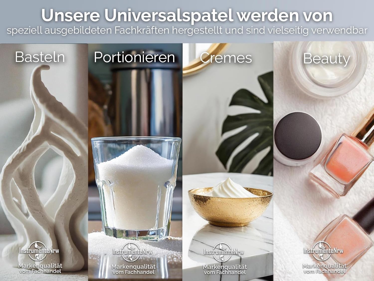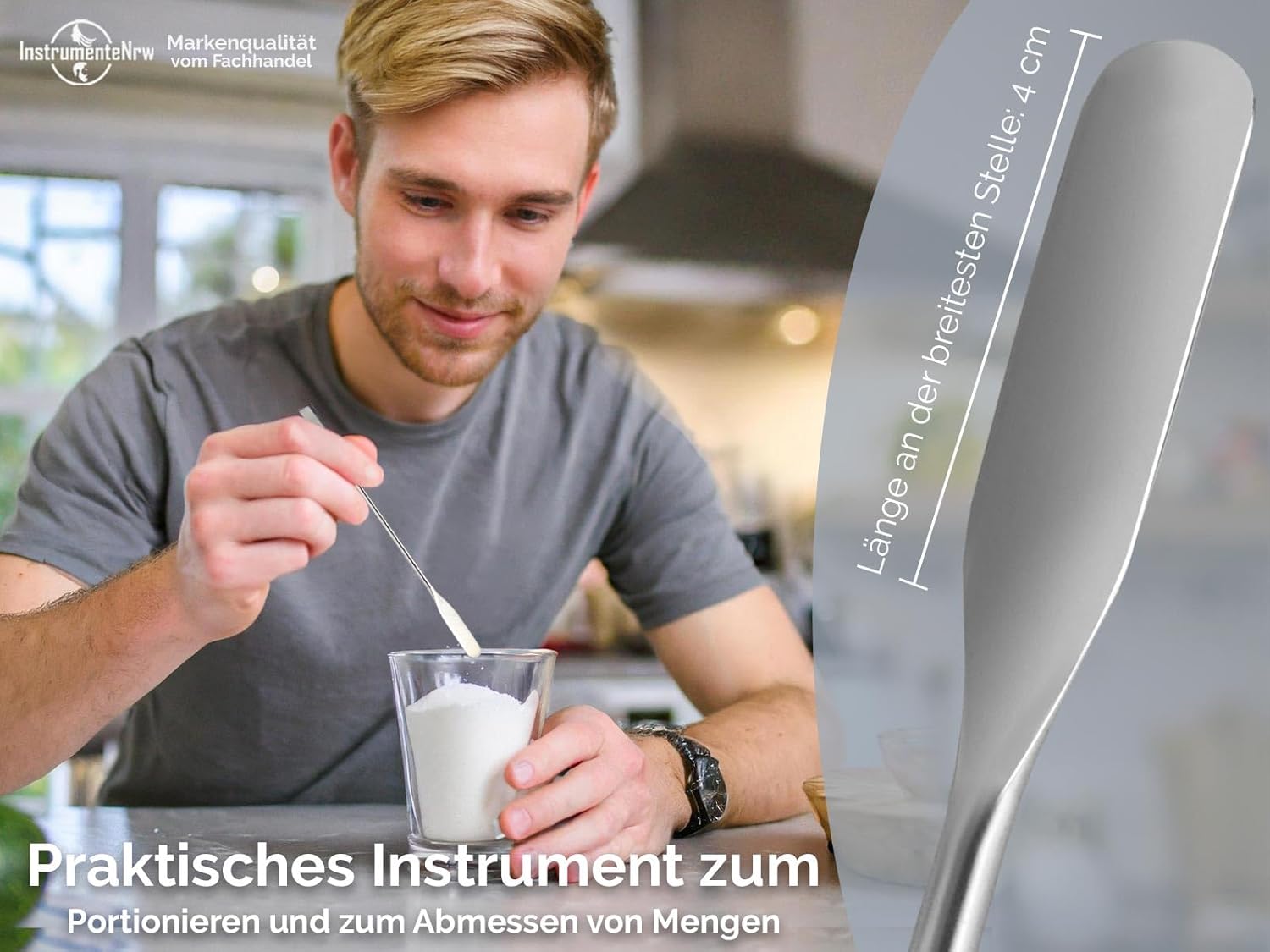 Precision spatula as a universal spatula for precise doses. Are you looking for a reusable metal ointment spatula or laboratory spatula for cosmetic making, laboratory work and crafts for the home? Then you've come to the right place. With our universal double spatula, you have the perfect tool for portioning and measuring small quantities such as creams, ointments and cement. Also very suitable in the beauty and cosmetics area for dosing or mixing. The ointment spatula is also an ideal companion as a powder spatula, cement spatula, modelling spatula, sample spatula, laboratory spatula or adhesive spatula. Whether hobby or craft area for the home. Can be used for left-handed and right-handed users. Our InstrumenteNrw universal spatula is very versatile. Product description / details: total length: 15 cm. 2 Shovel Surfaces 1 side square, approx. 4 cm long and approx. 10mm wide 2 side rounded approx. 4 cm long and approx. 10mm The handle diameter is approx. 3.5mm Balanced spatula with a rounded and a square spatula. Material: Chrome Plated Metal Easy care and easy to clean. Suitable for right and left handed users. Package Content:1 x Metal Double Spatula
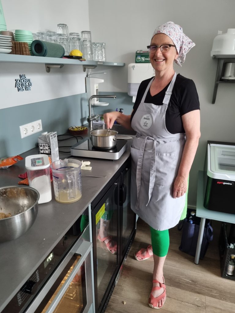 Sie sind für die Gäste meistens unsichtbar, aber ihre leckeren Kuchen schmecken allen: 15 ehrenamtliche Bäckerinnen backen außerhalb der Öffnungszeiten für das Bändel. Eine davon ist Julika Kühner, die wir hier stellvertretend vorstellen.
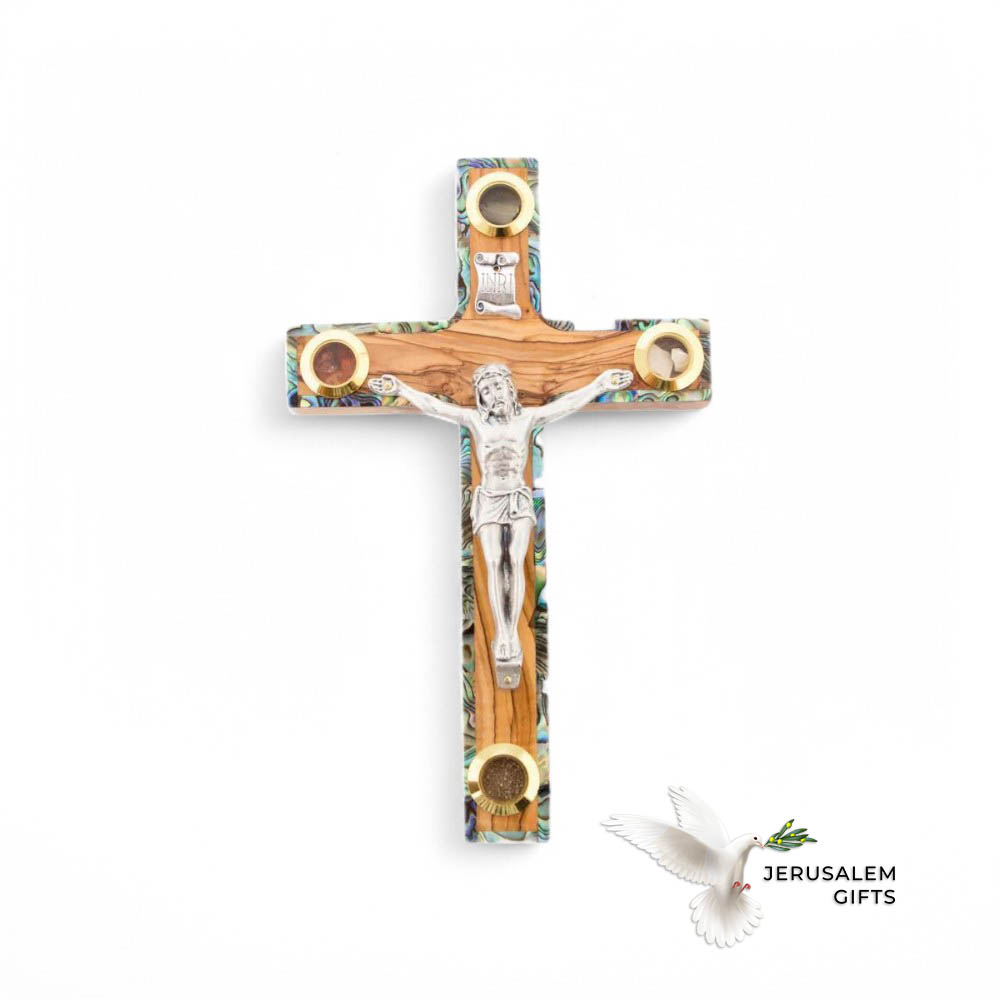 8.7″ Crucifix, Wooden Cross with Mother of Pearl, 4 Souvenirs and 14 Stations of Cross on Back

About this exercise —
Reproduce word for word the lines from the line holding "Sie sind für" through the last line of the material above, inclusive, and keep pictures out of it.

Response —
 Sie sind für die Gäste meistens unsichtbar, aber ihre leckeren Kuchen schmecken allen: 15 ehrenamtliche Bäckerinnen backen außerhalb der Öffnungszeiten für das Bändel. Eine davon ist Julika Kühner, die wir hier stellvertretend vorstellen.
 8.7″ Crucifix, Wooden Cross with Mother of Pearl, 4 Souvenirs and 14 Stations of Cross on Back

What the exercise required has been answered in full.